Spintronics (a portmanteau meaning spin transport electronics also known as spin electronics, is the study of the intrinsic spin of the electron and its associated magnetic moment, in addition to its fundamental electronic charge, in solid-state devices. The field of spintronics concerns spin-charge coupling in metallic systems; the analogous effects in insulators fall into the field of multiferroics.

Spintronics fundamentally differs from traditional electronics in that, in addition to charge state, electron spins are exploited as a further degree of freedom, with implications in the efficiency of data storage and transfer. Spintronic systems are most often realised in dilute magnetic semiconductors (DMS) and Heusler alloys and are of particular interest in the field of quantum computing and neuromorphic computing.

Spintronic-logic devices

Non-volatile spin-logic devices to enable scaling are being extensively studied. Spin-transfer, torque-based logic devices that use spins and magnets for information processing have been proposed.  These devices are part of the ITRS exploratory road map. Logic-in memory applications are already in the development stage.

Applications

Read heads of magnetic hard drives are based on the GMR or TMR effect.

Motorola developed a first-generation 256 kb magnetoresistive random-access memory (MRAM) based on a single magnetic tunnel junction and a single transistor that has a read/write cycle of under 50 nanoseconds. Everspin has since developed a 4 Mb version. Two second-generation MRAM techniques are in development: thermal-assisted switching (TAS) and spin-transfer torque (STT).

Another design, racetrack memory, encodes information in the direction of magnetization between domain walls of a ferromagnetic wire.

Semiconductor-based spintronic devices

Doped semiconductor materials display dilute ferromagnetism. In recent years, dilute magnetic oxides (DMOs) including ZnO based DMOs and TiO2-based DMOs have been the subject of numerous experimental and computational investigations. Non-oxide ferromagnetic semiconductor sources (like manganese-doped gallium arsenide (Ga,Mn)As), increase the interface resistance with a tunnel barrier, or using hot-electron injection.

Spin detection in semiconductors has been addressed with multiple techniques:

  • Faraday/Kerr rotation of transmitted/reflected photons
  • Circular polarization analysis of electroluminescence
  • Nonlocal spin valve (adapted from Johnson and Silsbee's work with metals)
  • Ballistic spin filtering

The latter technique was used to overcome the lack of spin-orbit interaction and materials issues to achieve spin transport in silicon.

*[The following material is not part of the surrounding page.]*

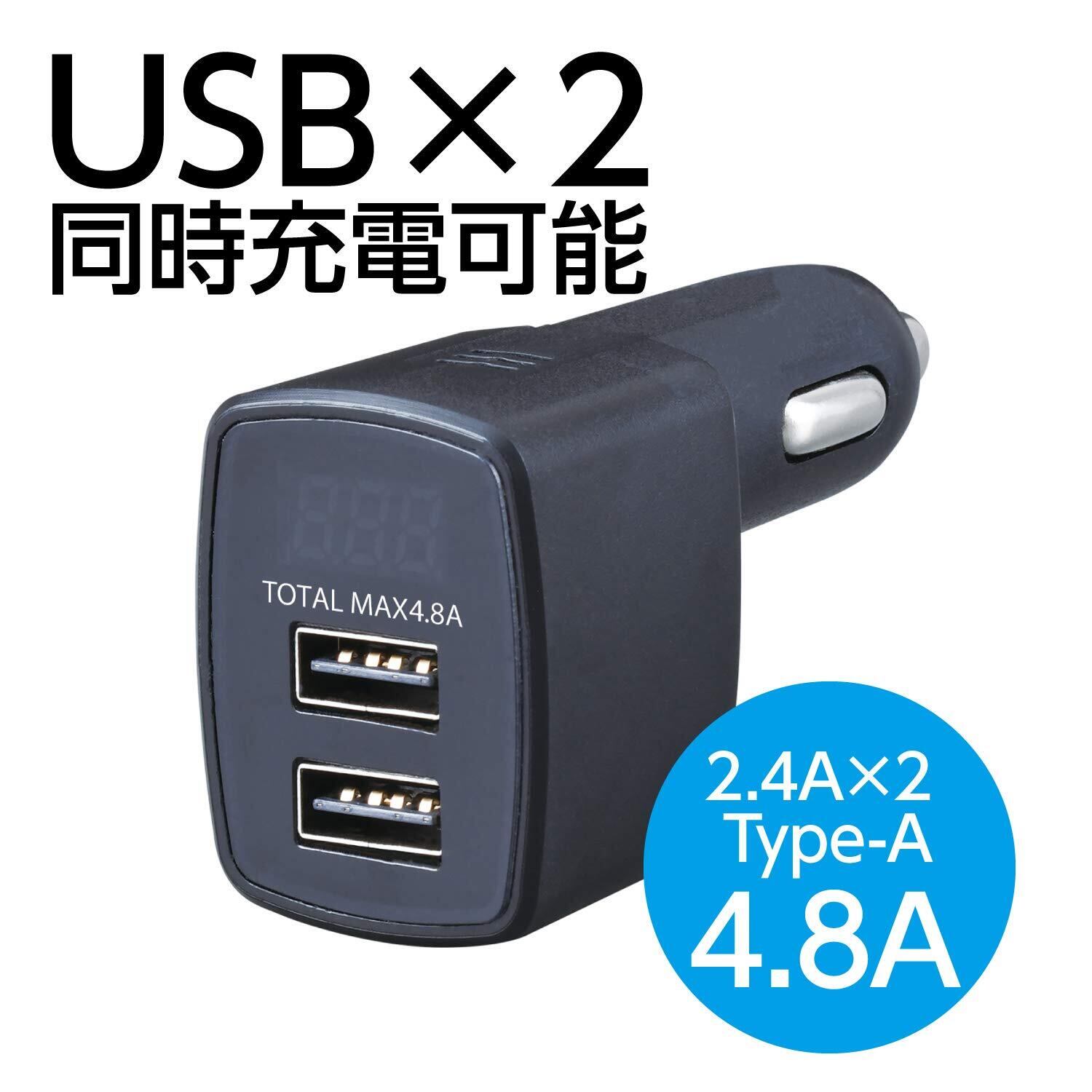 【USB合計出力4.8A】USBポート2口搭載し、1ポート最大2.4Aまで出力します。

Because external magnetic fields (and stray fields from magnetic contacts) can cause large Hall effects and magnetoresistance in semiconductors (which mimic spin-valve effects), the only conclusive evidence of spin transport in semiconductors is demonstration of spin precession and dephasing in a magnetic field non-collinear to the injected spin orientation, called the Hanle effect.

Applications

Applications using spin-polarized electrical injection have shown threshold current reduction and controllable circularly polarized coherent light output. Examples include semiconductor lasers. Future applications may include a spin-based transistor having advantages over MOSFET devices such as steeper sub-threshold slope.